→ Assignment
Reproduce exactly the line with "Bio 1301 Final" and every line that follows it below, up to and including the last one. Do not include pictures or anything else.

→ Source data
╭──

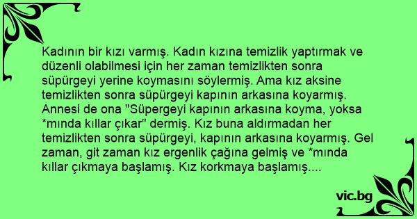 Kadının bir kızı varmış. Kadın kızına temizlik yaptırmak ve düzenli olabilmesi için her zaman temizlikten sonra süpürgeyi yerine koymasını söylermiş. Ama kız aksine temizlikten sonra süpürgeyi kapının arkasına koyarmış. Annesi de ona "Süpergeyi kapının arkasına koyma, yoksa *mında kıllar çıkar" dermiş. Kız buna aldırmadan her temizlikten sonra süpürgeyi, kapının arkasına koyarmış. Gel zaman, giт zaman kız ergenlik çağına gelmiş ve *mında kıllar çıkmaya başlamış. Kız korkmaya başlamış. "Amannn, ben süpürgeyi kapının arkasına koydum. Onun için *mımda kıllar çıkmaya başladı" demiş. Annesine "Anne, benim *mımda kıllar çıkıyor" diye söylemiş. Annesi, kızına "Kızım, ergenlik çağına giren herkezde olur" demiş ama kız buna inanmamış ve "Hayırrrrr, ben süpürgeyi kapının arkasına koydum, onun için" demiş. Annesi anlatmaya çalışsa da kızı bir türlü inandıramamış. En sonunda bir psikoloğa götürmeye karar vermiş. Psikolk da aynı şeyleri söylemiş ama kız hala inanmamakta direnmiş ve "Hayır Doktor Bey, ben süpürgeyi kapının arkasına koydum, onun için oldu" demiş. Doktor da artık defalarca anlatmaktan bıkmış. Kız bir türlü inanmıyor. Doktor "Bak kızım, bende de aynısı var" demiş. Kız "İnanmam Doktor Bey, beni kandırmak için öyle söylüyorsunuz" demiş. Sonunda doktor artık dayanamamış, açmış penisini göstermiş ve "Bak, bende de var o kıllardan" demiş. Kız şaşırmış:
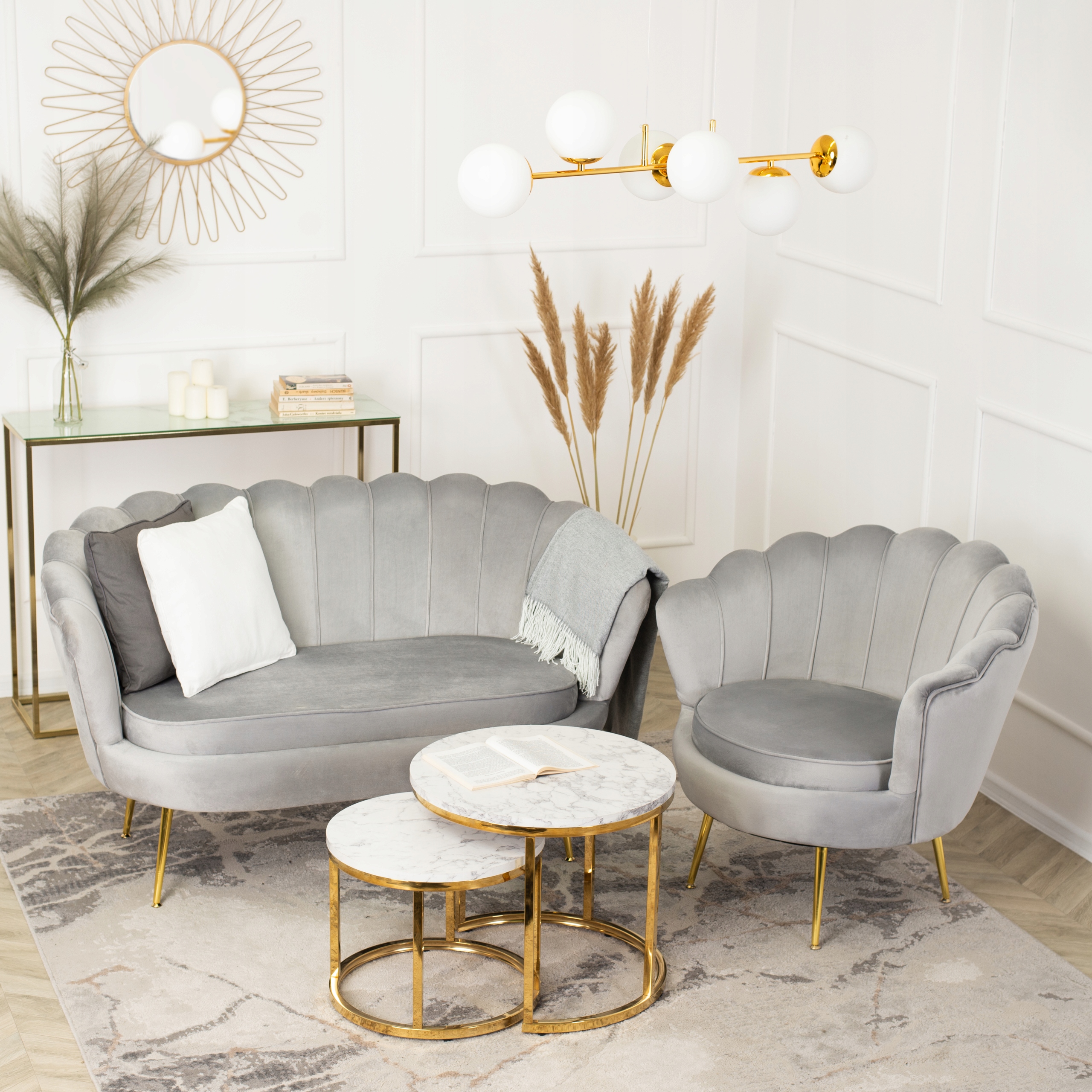 Мебель имеет эффективные спины в Стиль оболочки и Золотые ножки , что заставляет их выглядеть красиво и привлекает внешность. Мягкая обивка.
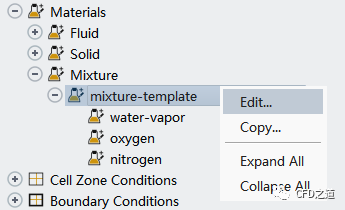 鼠标右键选择模型树节点mixture-template,点击弹出菜单项Edit…打开材料编辑对话框
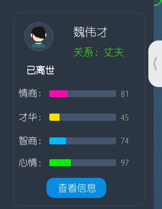 ②伴侣死了还人鬼情未了:二代角色继承的时候已经有对象了,想省离婚那60体,专门忍辱负重攒钱十几年学了隐形术,把人杀了却没法自动离婚,明明显示已离世却还是会在跟别人表白的时候出来扣好感度。点进角色页面也没有互动键,离不了婚。
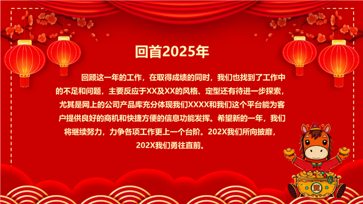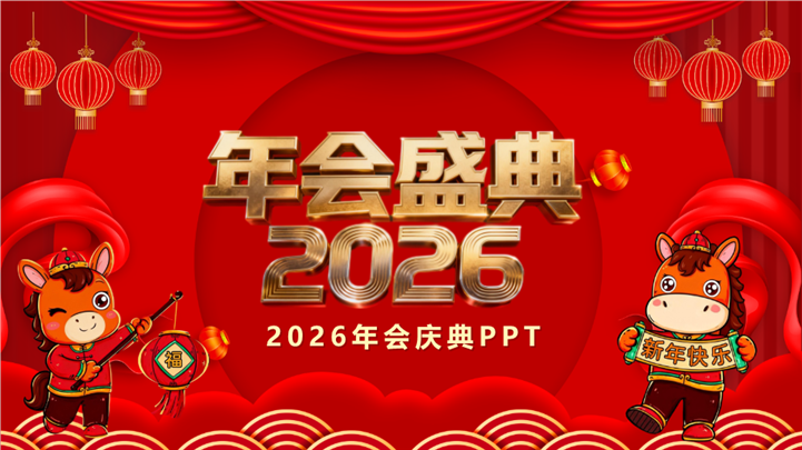 简介:2026马年红色喜庆企业年会盛典PPT模板,辞旧迎新,金马贺岁!这款2026马年红色喜庆年会盛典PPT模板,专为企业年终晚会设计。封面采用红灯笼、祥云与Q版卡通马元素,营造出浓厚的节日氛围。模板内含回顾2025(卓越成绩)、展望2026(开拓创新)、优秀员工颁奖及文艺汇演节目单版式,助您举办一场红红火火的年度盛会。主体文字及图片可替换修改,文字修改均可直接点击文本框进行编辑,图片更改可选中图片后单击鼠标右键插入更换图片,也可根据自身需求增加和删除。 本作品提供PPTX格式文件,转载请注明出处!
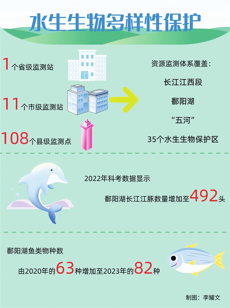 2020年,我省就着手推进水生生物资源监测工作,成立了江西省水生生物资源调查监测体系领导小组。如今,已形成了1个省级监测站、11个市级监测站、108个县级监测点的三级组织架构,覆盖长江江西段、鄱阳湖、“五河”及全省35个水生生物保护区等重点水域,并定期编制《江西省重点水域水生生物资源及生境状况公报》《鄱阳湖水生生物资源禁渔效果评估报告》《鄱阳湖水生生物完整性指导评价报告》,全面摸清水生生物资源变动情况。
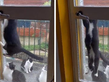 Cat Swings on Handle to Open Door This kitty jumped into action to let all his cat companions in. Footage shows the black and white...
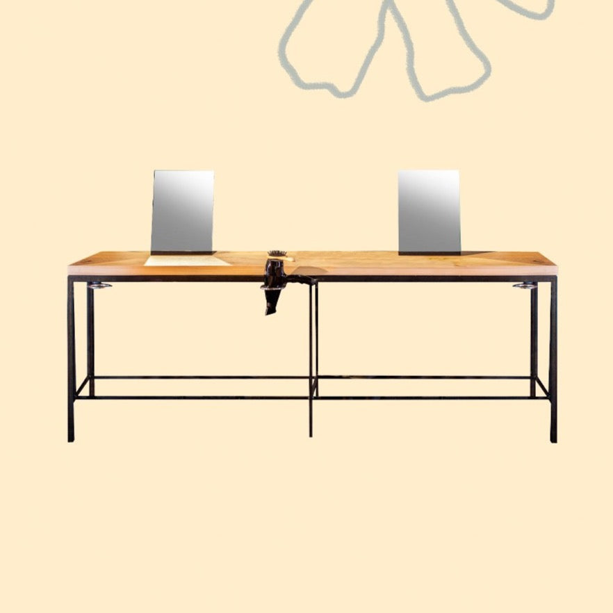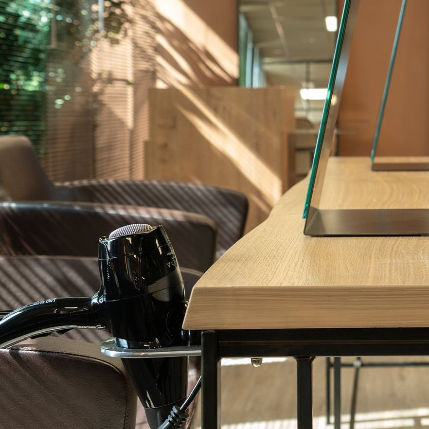 Central technical table. Structure in black painted iron with wooden top. Pull out hairdryer holder incorporated in the table.
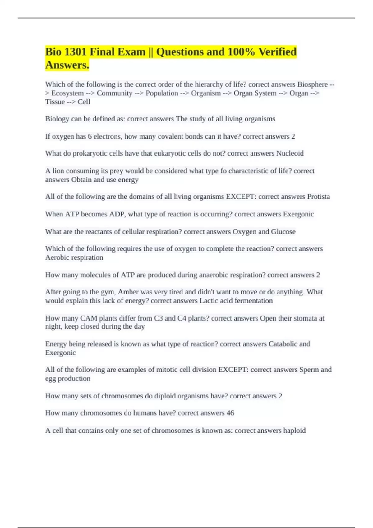 Bio 1301 Final Exam || Questions and 100% Verified Answers.
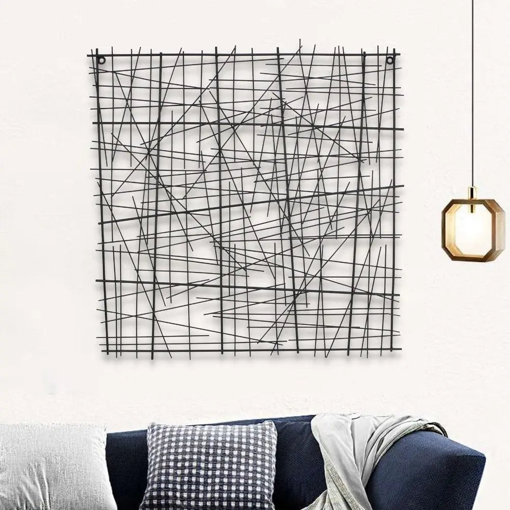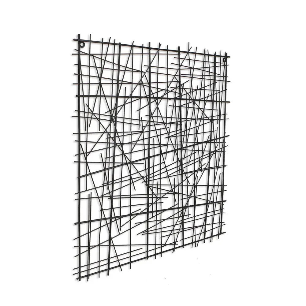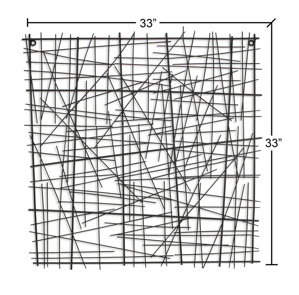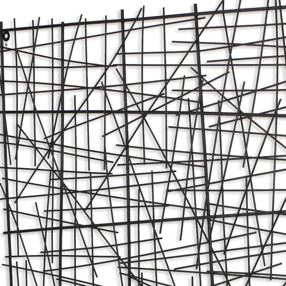 32" X 32" Black Handcrafted Abstract Lines Metal Hanging Dimensional Sculpture
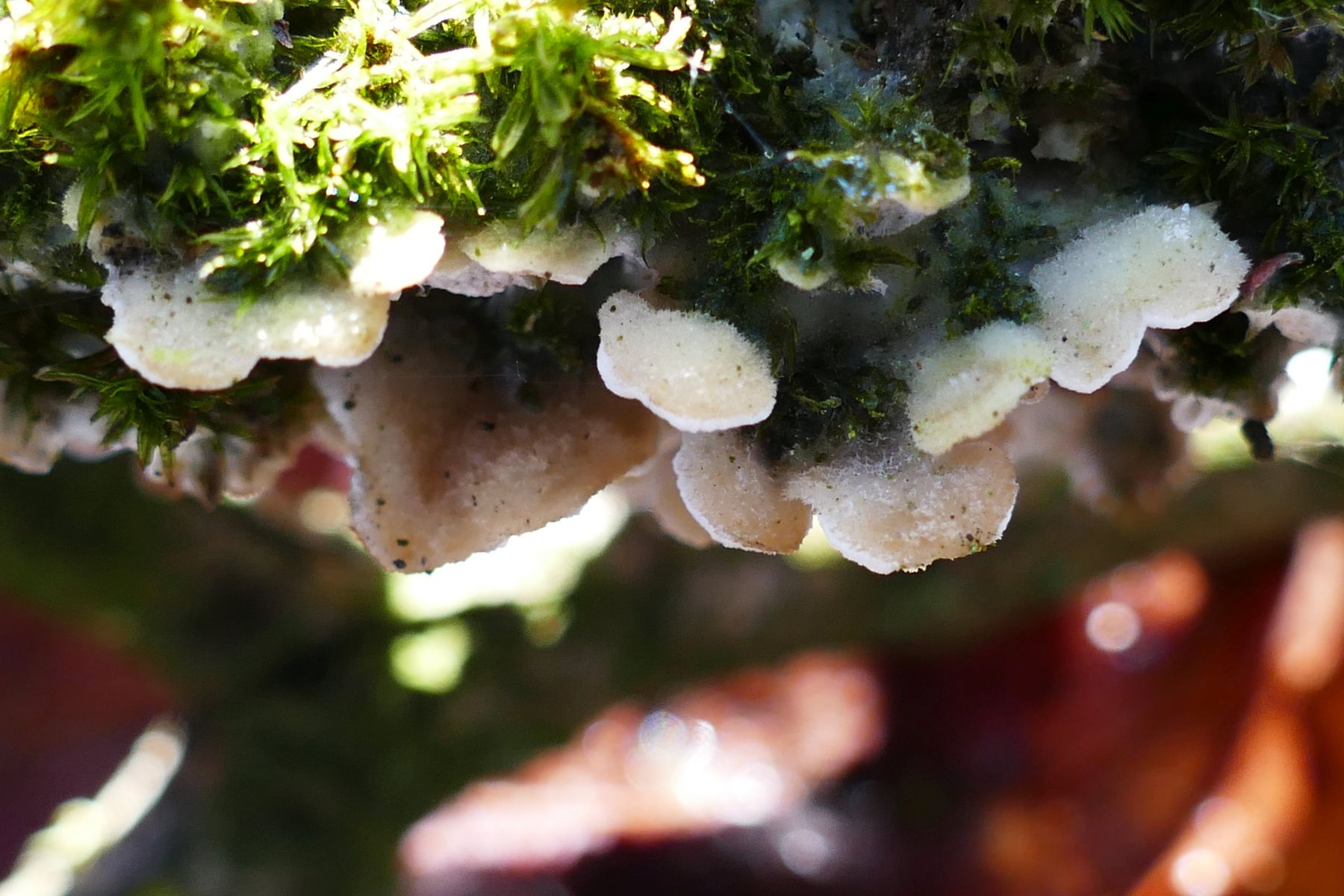 Wenn man die Oberseite des Hüte betrachtet, fällt einen struppige Behaarung auf, die sich bis zum Substrat fortsetzt:

╰──

→ Exercise answer
 Bio 1301 Final Exam || Questions and 100% Verified Answers.
 32" X 32" Black Handcrafted Abstract Lines Metal Hanging Dimensional Sculpture
 Wenn man die Oberseite des Hüte betrachtet, fällt einen struppige Behaarung auf, die sich bis zum Substrat fortsetzt:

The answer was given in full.